» **What is needed**:
Your reply should hold every record exactly as given, with no pictures in it.

» **Data section**:
◆ ◆ ◆
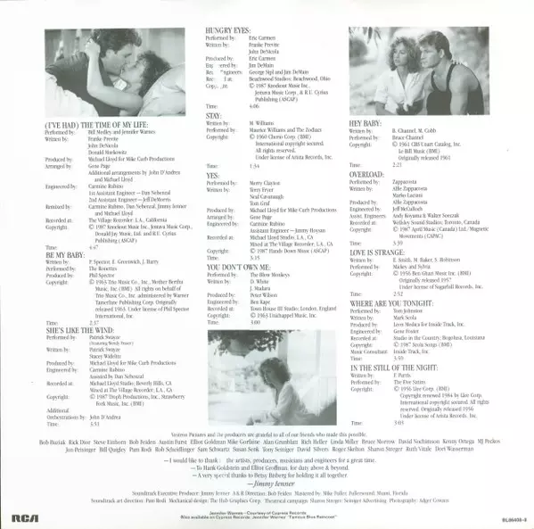 | A1 | Jennifer Warnes, Bill Medley: (I've Had) The Time Of My Life | 4:47 min | |
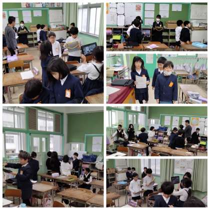 タブレット端末を使って、お店の人とのやり取りをイメージしながらインタビュー動画を撮影する練習などに張り切って取り組んでいます。
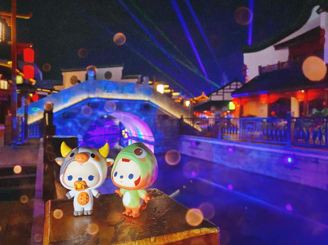 今年春节,无锡融创文旅城推出“万牛更新、嗨皮牛YEAR——画里过大年”系列活动,为无锡当地的消费者打造了一个独具新春气氛的文旅商融合的生态区。大年初一至初七,凡穿着古装服饰进入融创乐园的游客,或现场在运河人家汉服店更换古装衣物的游客,可享受免费“变妆”服务,体验一把“画”里过大年的乐趣。加入融创会员俱乐部的游客至融创乐园和融创茂内指定地点打卡并完成福、禄、寿、喜、财五个神仙布置的挑战,就可获得对应的祝福。
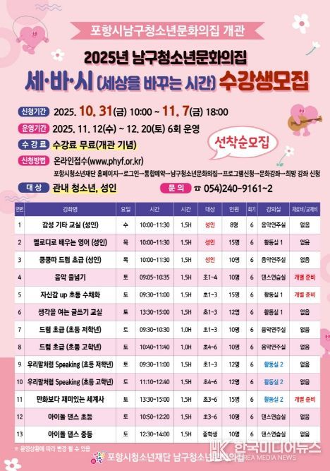 [ 한국미디어뉴스 이보영 기자 ] 포항시청소년재단은 27일 남구 청소년문화의집 개관을 기념해 ‘세·바·시(세상을 바꿀 시간)’ 프로그램 수강생을 모집한다고 밝혔다.
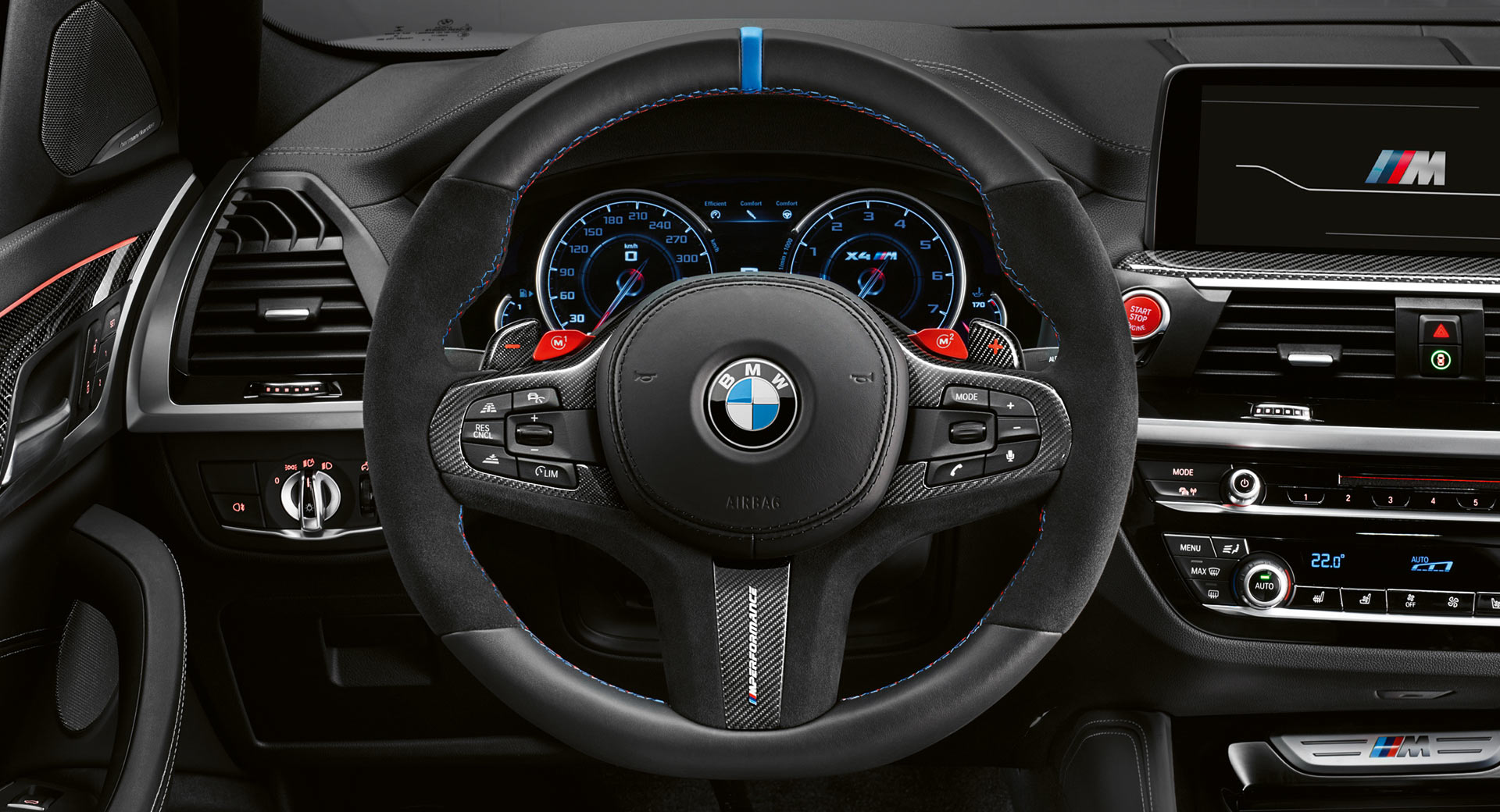 Like other M Performance parts available across the BMW family, those offered for the X3 M and X4 M include a host of interior trimmings. For example, there is an M Performance steering wheel on offer with high-gloss carbon fiber. Customers can also order M Performance carbon fiber shift paddles, a carbon gear selector knob and high-quality velvet velour floor mats with M Performance inscription.
◆ ◆ ◆
» **Expected output**:
 | A1 | Jennifer Warnes, Bill Medley: (I've Had) The Time Of My Life | 4:47 min | |
 タブレット端末を使って、お店の人とのやり取りをイメージしながらインタビュー動画を撮影する練習などに張り切って取り組んでいます。
 今年春节,无锡融创文旅城推出“万牛更新、嗨皮牛YEAR——画里过大年”系列活动,为无锡当地的消费者打造了一个独具新春气氛的文旅商融合的生态区。大年初一至初七,凡穿着古装服饰进入融创乐园的游客,或现场在运河人家汉服店更换古装衣物的游客,可享受免费“变妆”服务,体验一把“画”里过大年的乐趣。加入融创会员俱乐部的游客至融创乐园和融创茂内指定地点打卡并完成福、禄、寿、喜、财五个神仙布置的挑战,就可获得对应的祝福。
 [ 한국미디어뉴스 이보영 기자 ] 포항시청소년재단은 27일 남구 청소년문화의집 개관을 기념해 ‘세·바·시(세상을 바꿀 시간)’ 프로그램 수강생을 모집한다고 밝혔다.
 Like other M Performance parts available across the BMW family, those offered for the X3 M and X4 M include a host of interior trimmings. For example, there is an M Performance steering wheel on offer with high-gloss carbon fiber. Customers can also order M Performance carbon fiber shift paddles, a carbon gear selector knob and high-quality velvet velour floor mats with M Performance inscription.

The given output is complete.